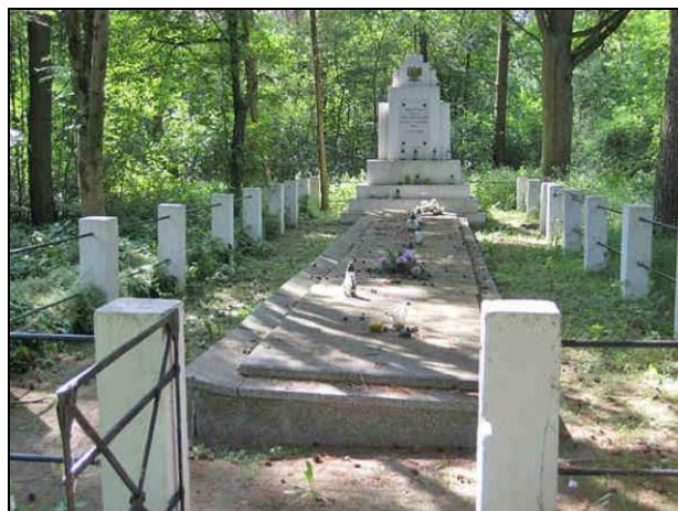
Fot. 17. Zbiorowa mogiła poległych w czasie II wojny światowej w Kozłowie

...

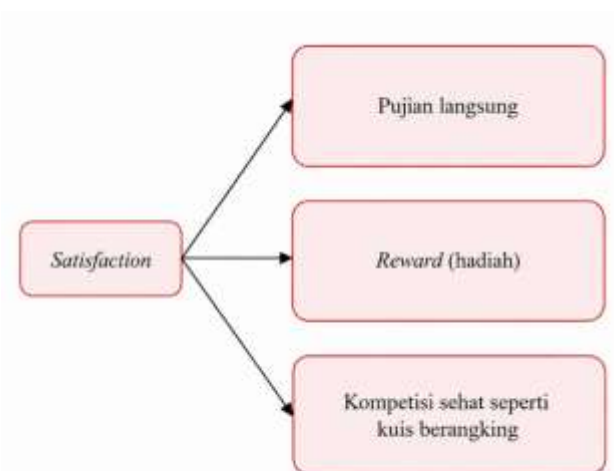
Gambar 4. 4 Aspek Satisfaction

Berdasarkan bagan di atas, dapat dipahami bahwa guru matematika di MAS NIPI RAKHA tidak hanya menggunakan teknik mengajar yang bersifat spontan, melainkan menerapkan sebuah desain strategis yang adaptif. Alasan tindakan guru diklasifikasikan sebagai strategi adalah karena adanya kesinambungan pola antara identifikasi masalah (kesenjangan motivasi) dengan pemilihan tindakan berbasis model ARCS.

==

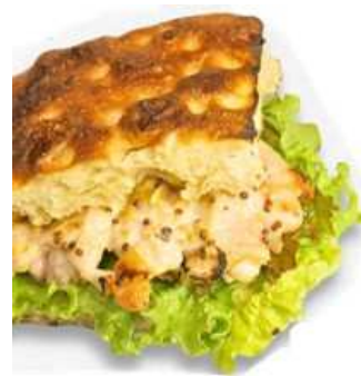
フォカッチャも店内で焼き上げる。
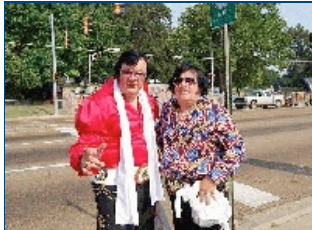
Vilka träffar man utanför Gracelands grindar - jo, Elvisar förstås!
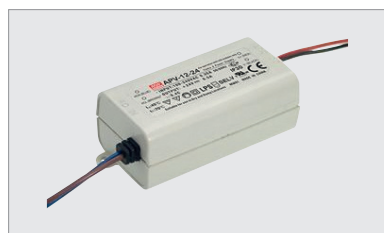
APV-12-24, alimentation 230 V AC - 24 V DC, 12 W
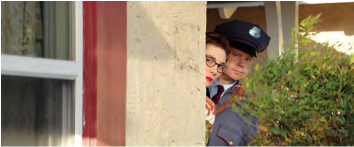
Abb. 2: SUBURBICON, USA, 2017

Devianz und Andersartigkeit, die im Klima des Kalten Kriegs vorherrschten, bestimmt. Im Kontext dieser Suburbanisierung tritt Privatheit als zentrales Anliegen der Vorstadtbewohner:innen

= Aim of the exercise =
Starting at the line that contains "APV-12-24, alimentation 230" and ending at the line that contains "Devianz und Andersartigkeit, die", transcribe the material above exactly, excluding pictures.

= Solution to this task =
APV-12-24, alimentation 230 V AC - 24 V DC, 12 W
Abb. 2: SUBURBICON, USA, 2017

Devianz und Andersartigkeit, die im Klima des Kalten Kriegs vorherrschten, bestimmt. Im Kontext dieser Suburbanisierung tritt Privatheit als zentrales Anliegen der Vorstadtbewohner:innen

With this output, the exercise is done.